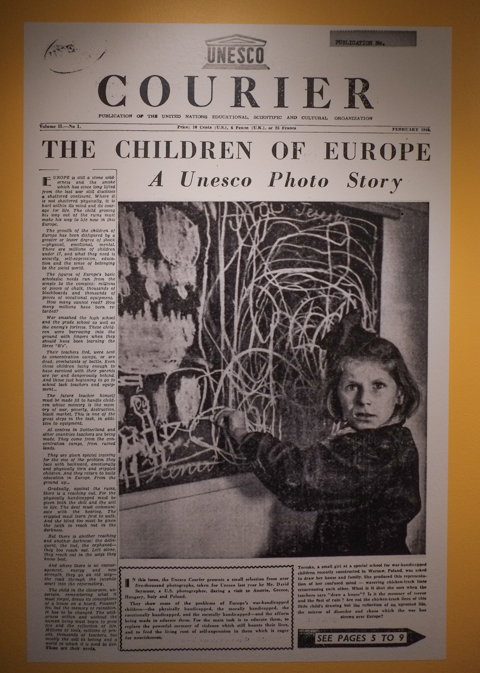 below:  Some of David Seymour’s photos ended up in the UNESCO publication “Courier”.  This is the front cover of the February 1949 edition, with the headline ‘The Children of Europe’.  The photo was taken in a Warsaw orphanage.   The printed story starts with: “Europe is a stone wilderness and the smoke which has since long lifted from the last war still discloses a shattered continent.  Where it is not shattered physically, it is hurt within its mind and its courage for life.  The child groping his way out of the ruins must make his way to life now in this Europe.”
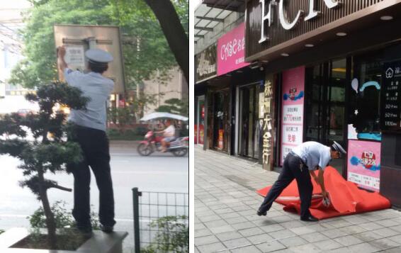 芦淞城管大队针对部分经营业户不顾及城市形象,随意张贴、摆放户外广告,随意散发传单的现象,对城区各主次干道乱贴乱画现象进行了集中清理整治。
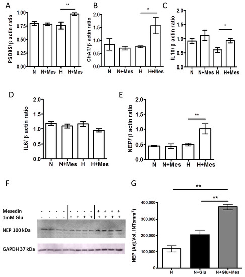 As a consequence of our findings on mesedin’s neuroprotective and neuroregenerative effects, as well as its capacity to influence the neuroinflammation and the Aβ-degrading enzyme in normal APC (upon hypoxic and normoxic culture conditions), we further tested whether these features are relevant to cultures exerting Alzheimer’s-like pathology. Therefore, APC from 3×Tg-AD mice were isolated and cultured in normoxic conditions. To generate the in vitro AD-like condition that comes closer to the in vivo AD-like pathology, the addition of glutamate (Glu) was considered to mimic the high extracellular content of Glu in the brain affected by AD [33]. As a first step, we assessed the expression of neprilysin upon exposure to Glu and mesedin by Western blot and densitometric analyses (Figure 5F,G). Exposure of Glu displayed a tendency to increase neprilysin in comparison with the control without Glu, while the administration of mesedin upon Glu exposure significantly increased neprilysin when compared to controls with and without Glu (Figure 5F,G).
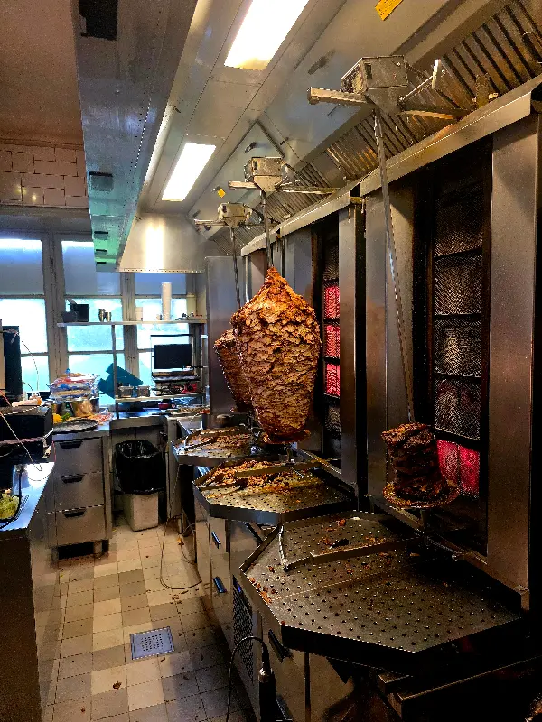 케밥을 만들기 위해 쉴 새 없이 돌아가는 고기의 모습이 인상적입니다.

§ **About this task**: Please set down each line of the data above exactly as written, without the pictures.

§ **Written solution**:
 below:  Some of David Seymour’s photos ended up in the UNESCO publication “Courier”.  This is the front cover of the February 1949 edition, with the headline ‘The Children of Europe’.  The photo was taken in a Warsaw orphanage.   The printed story starts with: “Europe is a stone wilderness and the smoke which has since long lifted from the last war still discloses a shattered continent.  Where it is not shattered physically, it is hurt within its mind and its courage for life.  The child groping his way out of the ruins must make his way to life now in this Europe.”
 芦淞城管大队针对部分经营业户不顾及城市形象,随意张贴、摆放户外广告,随意散发传单的现象,对城区各主次干道乱贴乱画现象进行了集中清理整治。
 As a consequence of our findings on mesedin’s neuroprotective and neuroregenerative effects, as well as its capacity to influence the neuroinflammation and the Aβ-degrading enzyme in normal APC (upon hypoxic and normoxic culture conditions), we further tested whether these features are relevant to cultures exerting Alzheimer’s-like pathology. Therefore, APC from 3×Tg-AD mice were isolated and cultured in normoxic conditions. To generate the in vitro AD-like condition that comes closer to the in vivo AD-like pathology, the addition of glutamate (Glu) was considered to mimic the high extracellular content of Glu in the brain affected by AD [33]. As a first step, we assessed the expression of neprilysin upon exposure to Glu and mesedin by Western blot and densitometric analyses (Figure 5F,G). Exposure of Glu displayed a tendency to increase neprilysin in comparison with the control without Glu, while the administration of mesedin upon Glu exposure significantly increased neprilysin when compared to controls with and without Glu (Figure 5F,G).
 케밥을 만들기 위해 쉴 새 없이 돌아가는 고기의 모습이 인상적입니다.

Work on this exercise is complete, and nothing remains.